• _Provided data_:
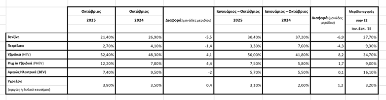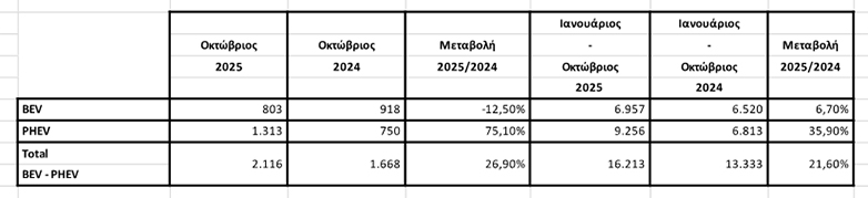 Αντίθετα στην κατηγορία των PHEV είχαμε μεγάλη αύξηση. Το 2024 είχαμε 750 και τον Οκτώβριο του 2025 έφτασαν τις 1313 ταξινομήσεις, δηλαδή αύξηση 75.1%.
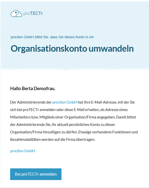 Der Eingeladene bekommt im Anschluss eine E-Mail, in welcher er über die Einladung zum Organisationskonto informiert wird. Mit Klick auf den enthaltenen Link zu proTECTr kann er sich auf der Plattform einloggen und der Zuordnung zum Unternehmen zustimmen. Er ist dann Mitglied Ihrer Organisation.
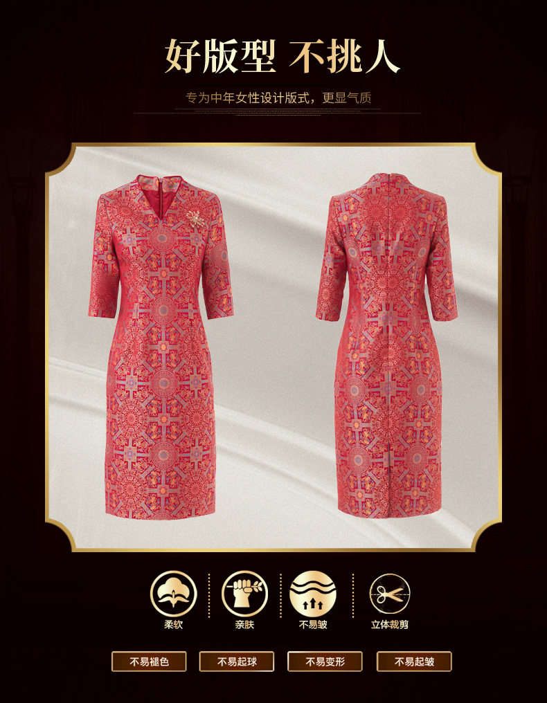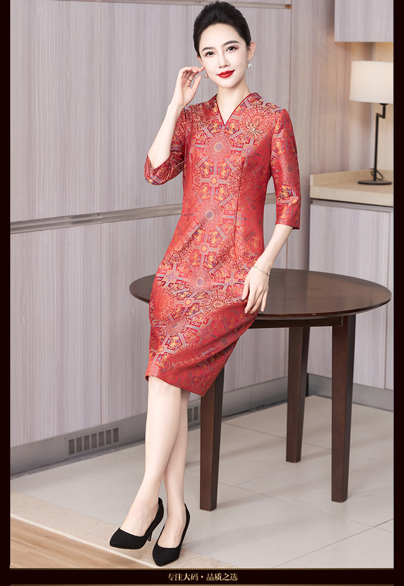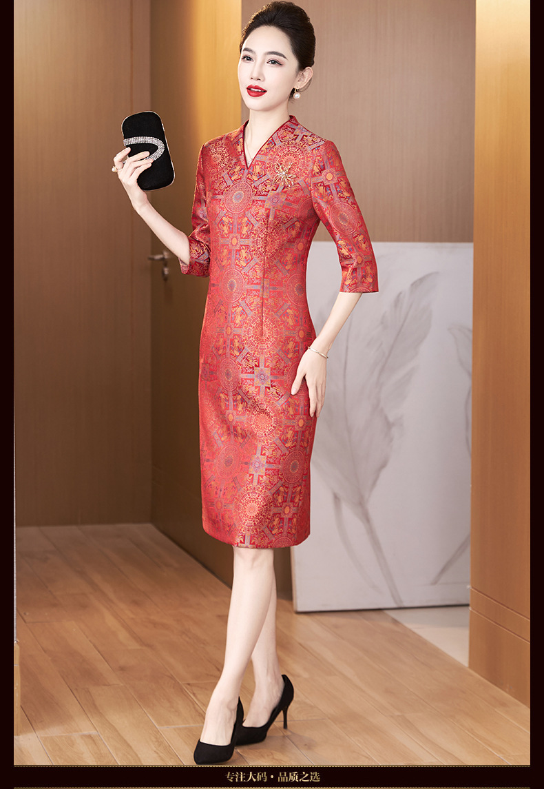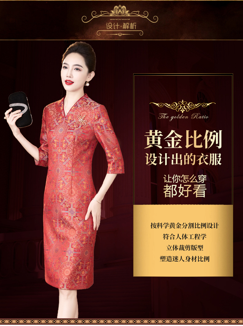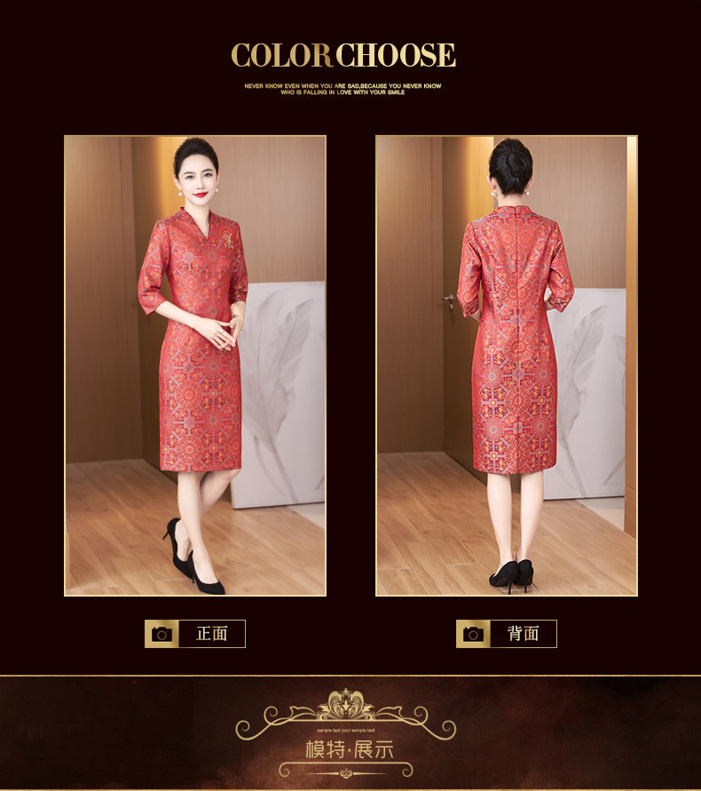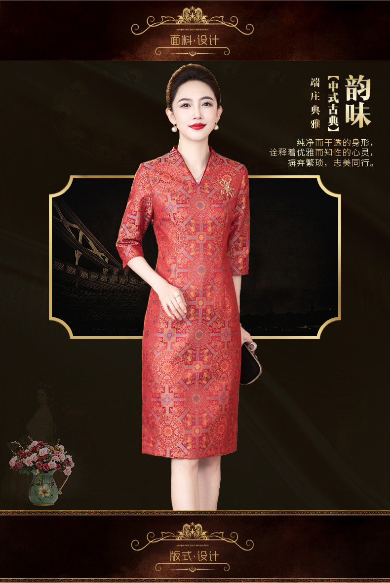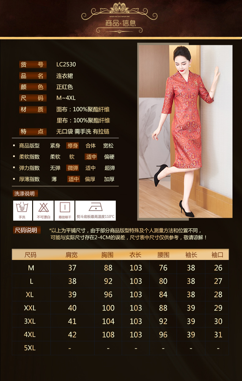 LC 2530正红国风旗袍裙妈妈装时尚款

• _Work request_:
You are asked to reproduce each line above exactly, but to exclude the pictures.

• _Exercise solution_:
 Αντίθετα στην κατηγορία των PHEV είχαμε μεγάλη αύξηση. Το 2024 είχαμε 750 και τον Οκτώβριο του 2025 έφτασαν τις 1313 ταξινομήσεις, δηλαδή αύξηση 75.1%.
 Der Eingeladene bekommt im Anschluss eine E-Mail, in welcher er über die Einladung zum Organisationskonto informiert wird. Mit Klick auf den enthaltenen Link zu proTECTr kann er sich auf der Plattform einloggen und der Zuordnung zum Unternehmen zustimmen. Er ist dann Mitglied Ihrer Organisation.
 LC 2530正红国风旗袍裙妈妈装时尚款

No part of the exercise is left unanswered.